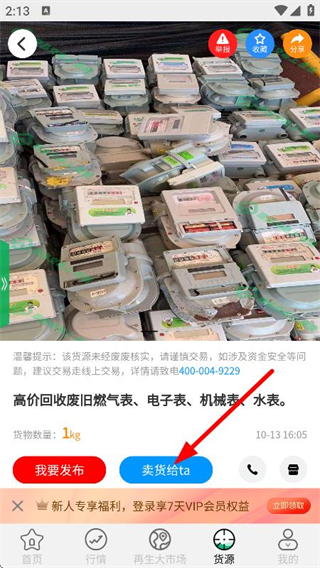 3、在货源详情页面,点击卖货给ta,弹出卖货信息填写弹窗。
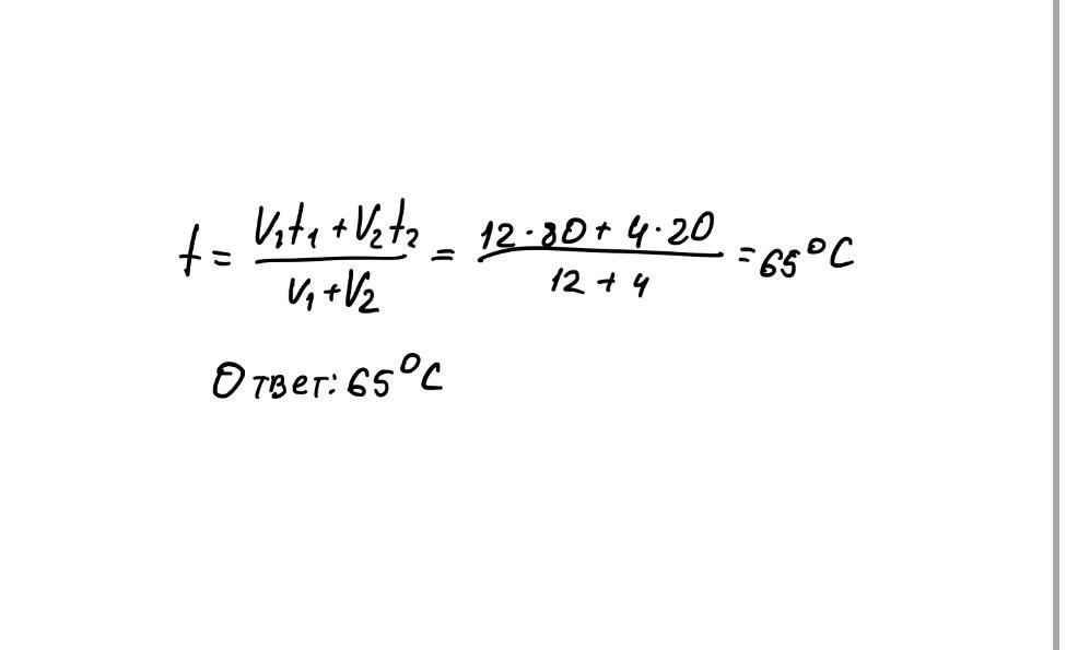 12 литров воды при температуре 80 гр , смешали с 4 литрами воды при температуре 20 гр. Найти температуру получившейся смеси.
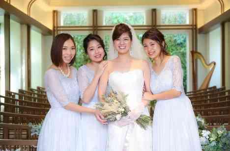 家族、学生時代からのご友人様をとても大切にされているおふたりです。ゲストとの皆様にはリラックスして楽しんでいただきたいとお考えでした。挙式ではご新婦様の親友の皆様がブライズメイドをしてくださりました。
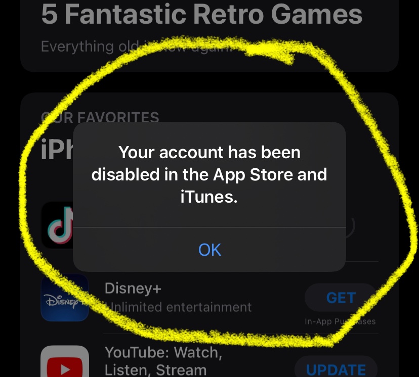 I keep getting the error box “Your account has been disabled in the App Store and iTunes Store.” How do I fix it?”

+++

### Directions for this task
Exactly repeat only the lines from the one with "12 литров воды" to the closing line above, both included, and omit every picture.

### Response area
 12 литров воды при температуре 80 гр , смешали с 4 литрами воды при температуре 20 гр. Найти температуру получившейся смеси.
 家族、学生時代からのご友人様をとても大切にされているおふたりです。ゲストとの皆様にはリラックスして楽しんでいただきたいとお考えでした。挙式ではご新婦様の親友の皆様がブライズメイドをしてくださりました。
 I keep getting the error box “Your account has been disabled in the App Store and iTunes Store.” How do I fix it?”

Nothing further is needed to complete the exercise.